Vitamin C: What is it?

Also known as ascorbic acid, vitamin C is a water-soluble nutrient found in foods such as leafy greens (such as broccoli and kale), citrus fruits such as oranges, limes and lemons, berries, capsicum and tomatoes.

According to nutritionist Dr Tim Crowe, vitamin C is not only powerful, but also one of the safest nutrients available.

“Vitamin C is an antioxidant; it forms part of our immune system; it’s one of our main proteins, and also very important for the production of collagen,” he told The New Daily.

What is it used for?

Vitamin C is important for keeping your skin, bones and connective tissue healthy. It also helps heal wounds and prevents infections.

It’s also often marketed as a treatment for the common cold, but studies have shown there is little evidence it actually helps prevent us from getting sick.

“It may reduce the length of the cold, but it won’t stop you from getting it in the first place,” Dr Crowe says.

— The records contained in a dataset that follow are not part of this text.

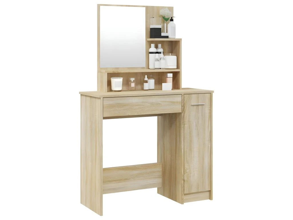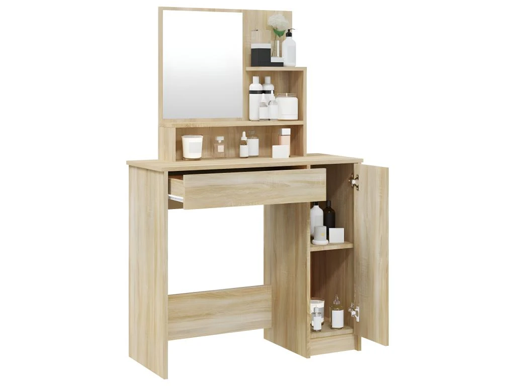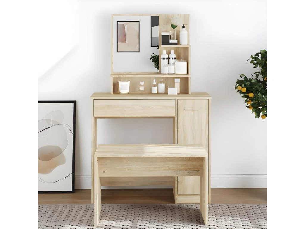 - Grand espace de rangement : le tiroir, les compartiments et les étagÚres ouvertes de la coiffeuse offrent des emplacements pour les articles de maquillage et gardent tout à sa place.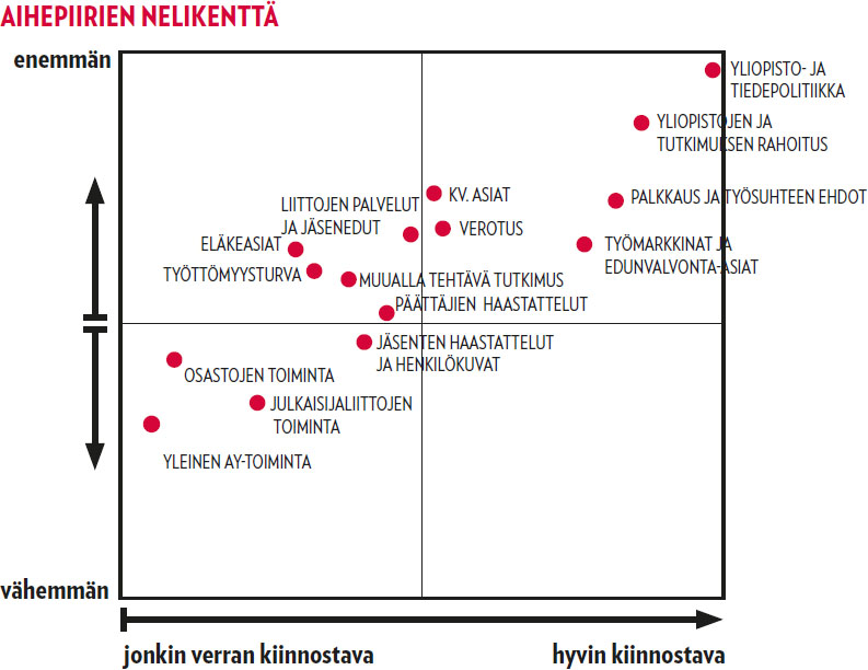 Aihepiirien kiinnostavuuden osalta julkaisijaliittojen jäsenten mieltymyksissä oli hieman eroja: Tieteentekijöiden liton jäsenten joukossa korostuu kiinnostus edunvalvontaan ja palkkaukseen sekä muualla kuin yliopistoissa tehtävää tutkimusta kohtaan. Professoriliiton jäseniä puolestaan kiinnostaa erityisesti yliopisto- ja tiedepolitiikka sekä rahoituskysymykset. Englanninkieliset lukijat toivovat lisää informaatiota eläkeasioista, työttömyysturvasta ja verotuksesta.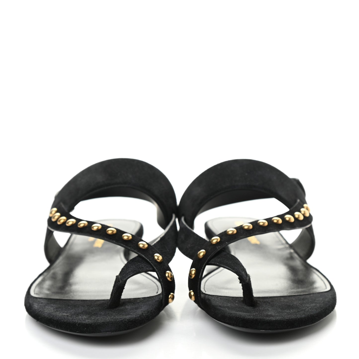 These are authentic SAINT LAURENT Suede Studded Gia Sandals size 38 in Black. These stunning sandals are crafted of black suede calfskin leather and are beautifully detailed with gold studs. These stylish sandals have a thong t-strap that extends upwards towards the ankle with two cutouts that lay across the foot.Follow this item for alerts. Saint Laurent is a registered trademark of Saint Laurent. FASHIONPHILE is not affiliated with Saint Laurent.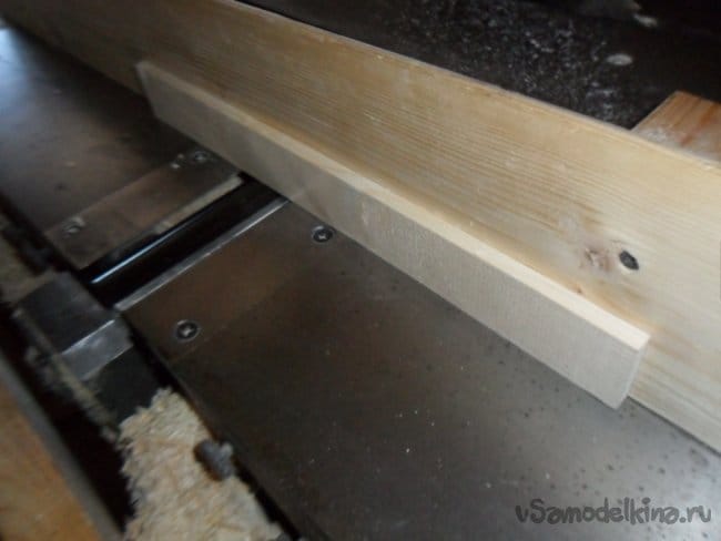 Стенки и перегородки для длинного ящика следует привести к одной ширине, чтобы у него был эстетичный вид, и при надобности можно было плотно накрыть ящик крышкой или иной плоскостью. Для этого пропускаем деревянные рейки через распиловочный диск и ножи фуговального вала станка.
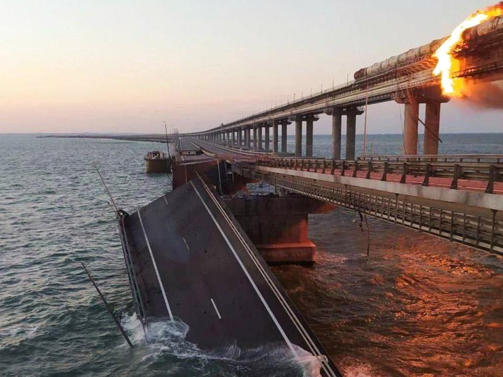 "Un camion en provenance de la péninsule de Taman a explosé sur la partie routière du pont de Crimée à 06H07 (03H07 GMT) aujourd'hui, provoquant l'incendie de sept citernes ferroviaires se dirigeant vers la péninsule de Crimée. Deux travées du pont routier se sont partiellement effondrées", a déclaré le Comité national russe de lutte contre le terrorisme dans un communiqué.

Some studies have also found potential for vitamin C to be used to treat skin issues such as photo-ageing, hyper-pigmentation, tissue inflammation and for the promotion of tissue healing, as well as protect against UV rays.

Dr Crowe says the average adult needs only 45 milligrams of vitamin C a day – a stark contrast to the actual number consumed on average (about 200 milligrams a day).

According to the National Health and Medical Research Council (NHMRC), adults should not take more than 1000 milligrams of vitamin C per day.

As for supplements?

While they are safe – Dr Crowe says there’s not much difference between getting vitamin C from food versus tablets – they’re largely unnecessary, unless you have a vitamin C deficiency, or have been prescribed supplements by a doctor.